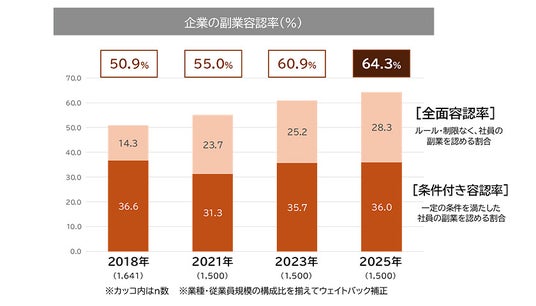 1. 副業容認率が過去最高、全面容認(ルールや制限なく副業を認める)の割合は2018年の約2倍。
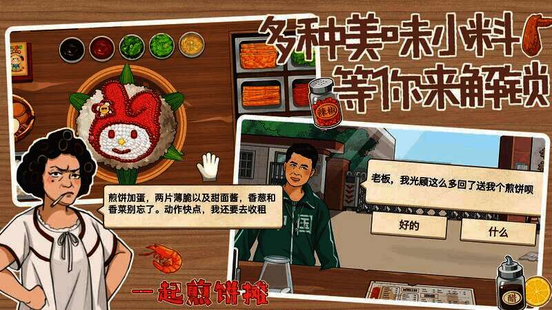 1. 煎饼制作:玩家需按顾客订单选食材,快速做出口感符合要求的煎饼。
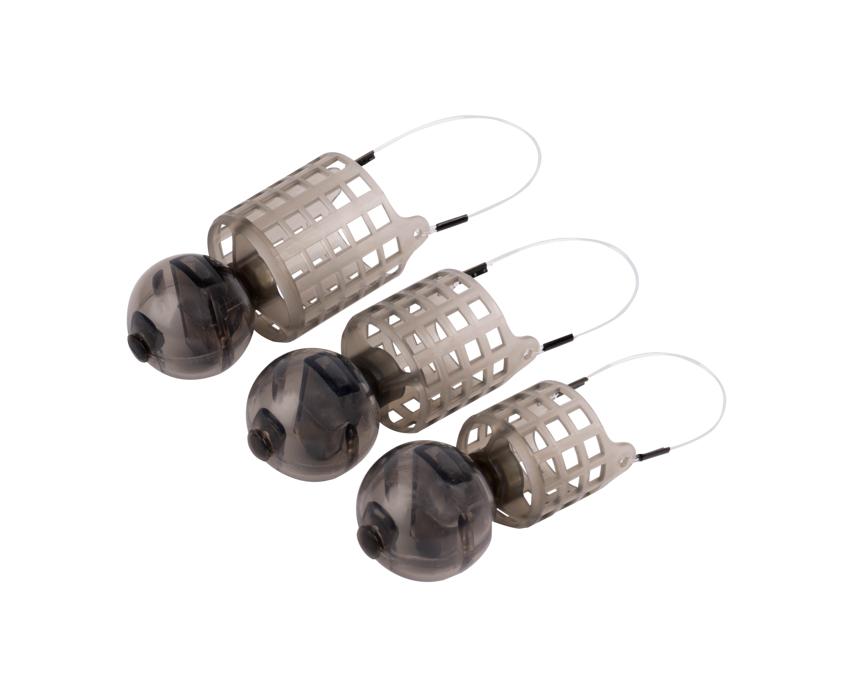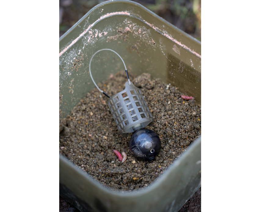 12.5g. With this clever slow sinking feeder you can control the cages sinking speed to catch fish near the surface or in mid water. This is not feasible with conventional cage feeders. The design allows you to catch fish regardless of the depth they are swimming. This method is extremely effective for modern carp fishing at commercial fisheries. A floating device attached to the bottom of the cage replaces the lead weight. It features a small opening closed by a plug, by which you can balance the body with shot so that it will sink slowly or quickly. The cage floats if no lead is added. Sizes: Small 21mm x 25mm, Medium 24mm x 28mm, Large 30mm x 32mm.
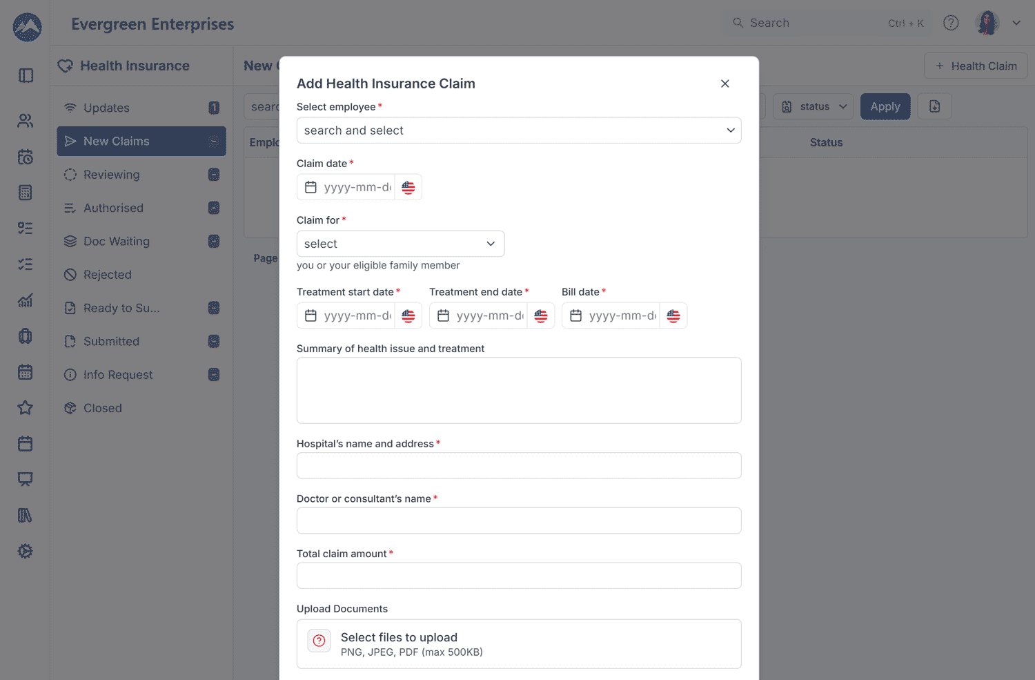 A completely new insurance claim module has been added which replaces the old Insurance Claim feature. The new insurance module is easier and efficient to work with and now it has two way communication with employees and insurance claim department.
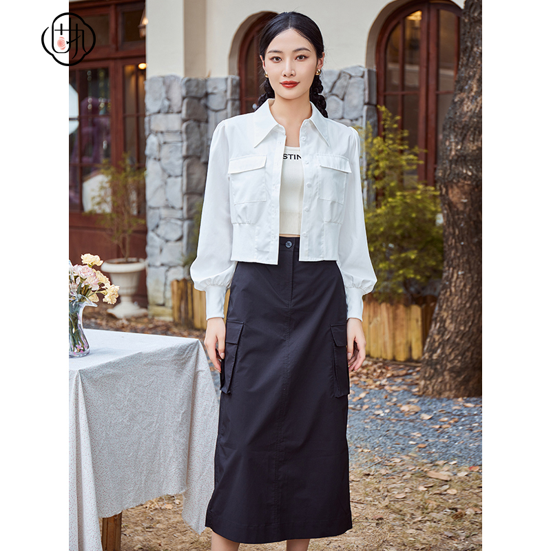 工装 a字中长款 半身裙 新款 白色高腰抗皱速干伞裙女春秋2025年夏季
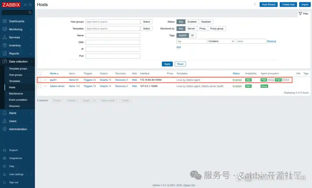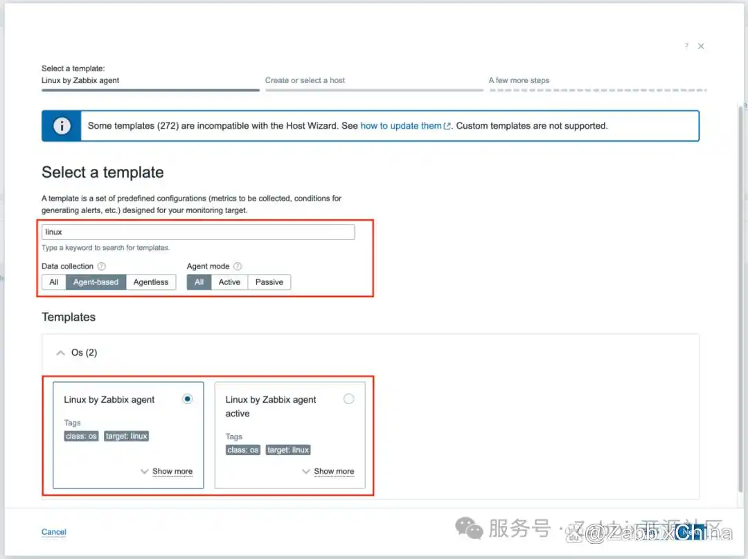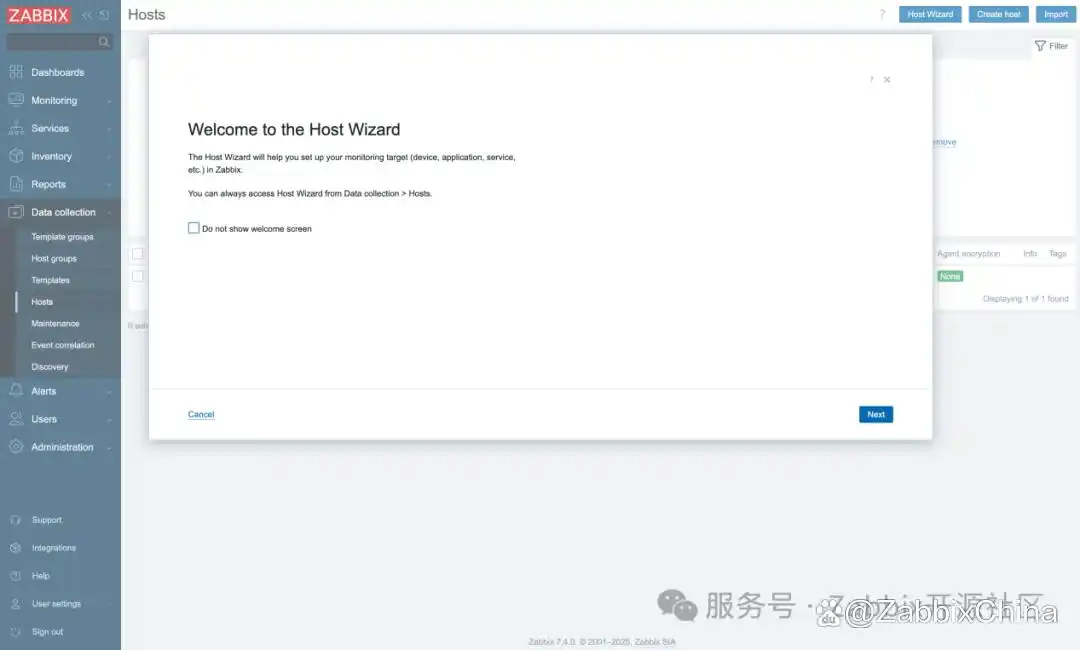Zabbix 7.4 版本增加了主机向导,用户可通过向导方式完成zabbix agent安装、模版关联、主机添加等操作,简化了新主机或现有主机的配置。
__________________________________________________
## Exercise goal
Return the data exactly as it stands, minus the pictures.

## Answer section
 1. 副業容認率が過去最高、全面容認(ルールや制限なく副業を認める)の割合は2018年の約2倍。
 1. 煎饼制作:玩家需按顾客订单选食材,快速做出口感符合要求的煎饼。
 12.5g. With this clever slow sinking feeder you can control the cages sinking speed to catch fish near the surface or in mid water. This is not feasible with conventional cage feeders. The design allows you to catch fish regardless of the depth they are swimming. This method is extremely effective for modern carp fishing at commercial fisheries. A floating device attached to the bottom of the cage replaces the lead weight. It features a small opening closed by a plug, by which you can balance the body with shot so that it will sink slowly or quickly. The cage floats if no lead is added. Sizes: Small 21mm x 25mm, Medium 24mm x 28mm, Large 30mm x 32mm.
 A completely new insurance claim module has been added which replaces the old Insurance Claim feature. The new insurance module is easier and efficient to work with and now it has two way communication with employees and insurance claim department.
 工装 a字中长款 半身裙 新款 白色高腰抗皱速干伞裙女春秋2025年夏季
Zabbix 7.4 版本增加了主机向导,用户可通过向导方式完成zabbix agent安装、模版关联、主机添加等操作,简化了新主机或现有主机的配置。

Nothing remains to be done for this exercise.